By Ben Tavener
SAO PAULO
Brazilian President Dilma Rousseff said Tuesday that her government will "do everything" to hamper undemocratic movements, five days after opposition lawmakers launched an online movement unifying calls for her impeachment.
Speaking in Brasilia, Rousseff said the government was "aware" of attempts to "instill instability".
"Brazil won its democracy the hard way ... We will do everything to prevent undemocratic processes from growing and strengthening," she said.
The president's comments came after the launch of a new site, the Pro-Impeachment Parliamentary Movement, last Thursday, through which opposition and some coalition lawmakers aim to encourage members of Congress to join calls for Rousseff's impeachment.
The site was registered by the opposition DEM party, and more than 900,000 people have already signed up, according to the group.
Although the movement is being led by opposition political forces, the Folha de S.Paulo newspaper reported that it had received support from some in government, including members of the PMDB -- Rousseff's biggest ally in the ruling coalition and the country's biggest political party.
Eduardo Cunha, a senior PMDB member and speaker of Brazil's lower house, is set to begin analyzing impeachment requests against Rousseff this week. Cunha recently announced he was joining the opposition, but has already said most requests will likely be thrown out.
Hundreds of thousands demonstrators have repeatedly taken to the streets this year to call for the president's impeachment for perceived economic mismanagement and a vast corruption scandal at state-run oil giant Petrobras, which has ensnared top political and business figures. Rousseff was chairwoman at the company while much of the wrongdoing allegedly took place, but has denied all knowledge and has been cleared by investigators.
Rousseff has been attempting to garner support in government for additional cuts and tax hikes totaling 65 billion reais ($17 billion), after Congress was handed a 2016 federal budget proposal last week with an unprecedented primary deficit.
The government wants to reinstate the so-called CPMF tax on financial transactions. The tax would be set at 0.2 percent and be levied for four years, Finance Minister Joaquim Levy said Monday.
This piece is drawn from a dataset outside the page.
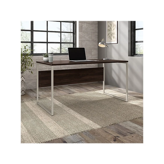 The Bush Business Furniture Hybrid 60″W x 30″D computer table desk blends a durable work surface with sturdy metal legs to offer a stylish, long-lasting solution for the modern professional. Tackle your next project or assignment with a computer, books, paperwork, and more on a desktop that supports up to 200 lbs. Two built-in wire management grommets keep cords and cables in order, so your work area remains free from unnecessary clutter. The computer desk’s open leg design and finished privacy panel allow it to look great facing any direction in a home or professional office environment. Find the perfect look for your space with five contemporary finish options: black walnut, modern hickory, platinum gray, storm gray, and white. This modern desk has been meticulously tested to meet or exceed ANSI/BIFMA quality standards for safety, durability, and performance and is backed by the Bush Business Furniture 10-year manufacturer warranty. See the full Hybrid collection for coordinating items to enhance your workspace as needed, including file cabinets, bookcases, and storage cabinets (coordinating items sold separately). American-made with US and imported parts.

The government had already considered and dismissed reviving the unpopular levy, discontinued in 2007, ahead of the budget's delivery.
The new tax would boost government revenues by 32 billion reais next year, but congressional leaders told the G1 news portal that it would be "extremely difficult" to get Congress to approve the proposal.
It comes after Brazil was stripped of its prized investment-grade credit rating by U.S. ratings agency Standard & Poor's due to concerns about mounting political turmoil and a lack of governability to tackle growing debt.
Analysts believe the two other major agencies -- Fitch and Moody's -- could follow suit by the end of the year, with a double "junking" leading to catastrophic asset withdrawal by investors.
Economists surveyed by Brazil's central bank predicted Monday that the economy -- Latin America's largest -- would shrink by 2.55 percent this year and 0.6 percent in 2016, while inflation was forecast to reach 9.29 percent this year.